The accessory interface is electrically coupled to the controller
250 to provide data communications (e.g., transmission and receipt
of input and output signals or other data streams) with external
electrical components via a communication port 265. In some
embodiments, the accessory interface 255 includes a wireless
transceiver 270 to provide for wireless communication with an
external electrical component. In some embodiments, a communication
port 265 can be used to allow an OEM or service provider to send
controller programming updates (e.g., firmware updates, software
updates) to the controller 250. In some embodiments, the controller
250 is programmed to detect the type of equipment the electric
powerhead 100 is being used with.

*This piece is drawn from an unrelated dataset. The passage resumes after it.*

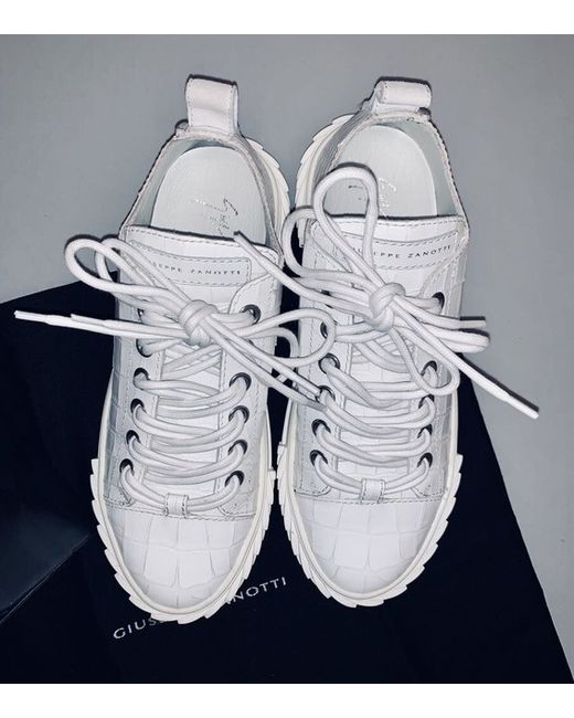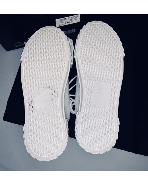 ,These Giuseppe Zanotti Blabber trainers are a stylish option for both men and women. Made in Italy, they feature a white leather upper with a sleek sneaker style. With a UK Shoe Size of 4 , these unisex adults' trainers offer a comfortable and fashion-forward choice for daily wear.

For example, the controller 250
can be programmed to detect equipment-specific external electrical
components (e.g., plug-and-play components) and adjust operating
characteristics of the electric powerhead 100 according to
instructions specific to that equipment. For example, the
controller 250 could detect walk behind lawn mower user controls
connected to the accessory interface 255 and limit the rotational
speed of the electric motor 105 to 3200 revolutions per minute
(RPM) and could detect pressure washer user controls connected to
the accessory interface 255 and limit the rotational speed of the
electric motor 105 to 3600 RPM.
[0053] In some embodiments, the controller 250 is configured to
detect the type of user controls, such as lawn mower controls,
connected to the accessory interface 255 and provide a minimum
power to the electric motor 105 to provide cutting at a certain
rotational speed (e.g., RPM). Typically, gas-powered lawn mowers
are controlled (e.g., governed) to maintain a constant output speed
(e.g., blade speed). In some embodiments, the powerhead 100 is
configured to maintain a constant output speed by drawing a minimum
amount of current from the battery 110 to meet the output speed.
Alternatively, the powerhead 100 can run to provide a targeted
power output (e.g., to the mower blade) and vary current draw and
output speed (e.g., blade speed) to maintain the targeted power
output. In some embodiments, the targeted power control can be
combined with a minimum output speed control so that the powerhead
100 provides the minimum output power, but not if doing so would
cause the output speed (e.g., blade speed) to fall below a minimum
speed. In that situation, the powerhead 100 would run at the
minimum output speed. In some embodiments, the controller 250 is
configured to monitor and control the amount of power delivered to
the electric motor 105 to preserve life of the battery 110.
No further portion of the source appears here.